I rated Lowe well enough to be an AB. Remember we were picking the likes of George Bridge above such players so theres no disputing a lot of bad decisions have been made by those last two coaches. Does a team like the ABs need a finicky winger who you have to adapt and change a lot of your style with to get benefit from? No, not really. But he still would have been a basic improvement on players like even Savea at the tail of his career, Bridge, and could even have converted into the answer of replacing Beauden at the back. Instead we persisted with NMS, Naholo, Havili, Reece, all players we would have cared even less about losing and all because Rieko had Lowe's number 11 jersey nailed down.


He was of course only 23 when he decided to leave, it was back in the beggining of the period they had started retaining players (from 2018 onwards I think, they came out saying theyre going to be more aggressive at some point). So he might, all of them, only just missed out.


The main point that Ed made is that situations like Lowe's, Aki's, JGP's, aren't going to happen in future. That's a bit of a "NZ" only problem, because those players need to reach such a high standard to be chosen by the All Blacks, were as a country like Ireland wants them a lot earlier like that. This is basically the 'ready in 3 years' concept Ireland relied on, versus the '5 years and they've left' concept' were that player is now ready to be chosen by the All Blacks (given a contract to play Super, ala SBW, and hopefully Manu).


The 'mercenary' thing that will take longer to expire, and which I was referring to, is the grandparents rule. The new kids coming through now aren't going to have as many gp born overseas, so the amount of players that can leave with a prospect of International rugby offer are going to drop dramatically at some point. All these kiwi fellas playing for a PI, is going to stop sadly.


The new era problem that will replace those old concerns is now French and Japanese clubs (doing the same as NRL teams have done for decades by) picking kids out of school. The problem here is not so much a national identity one, than it is a farm system where 9 in 10 players are left with nothing. A stunted education and no support in a foreign country (well they'll get kicked out of those countries were they don't in Australia).


It's the same sort of situation were NZ would be the big guy, but there weren't many downsides with it. The only one I can think was brought up but a poster on this site, I can't recall who it was, but he seemed to know a lot of kids coming from the Islands weren't really given the capability to fly back home during school xms holidays etc. That is probably something that should be fixed by the union. Otherwise getting someone like Fakatava over here for his last year of school definitely results in NZ being able to pick the cherries off the top but it also allows that player to develop and be able to represent Tonga and under age and possibly even later in his career.

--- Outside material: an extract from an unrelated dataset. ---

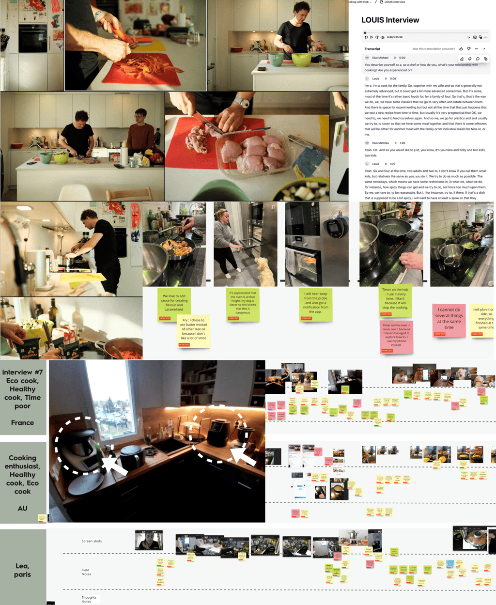 A core part of our research was fieldwork: interviewing chefs, observing users cooking in their homes, running a 10-day cooking journal with our teams, and holding empathy sessions where we cooked ourselves with different appliances and techniques.

Where as a kid being taken from NZ is arguably going to be worse off in every respect other than perhaps money. Not going to develop as a person, not going to develop as a player as much, so I have a lotof sympathy for NZs case that I don't include them in that group but I certainly see where you're coming from and it encourages other countries to think they can do the same while not realising they're making a much worse experience/situation.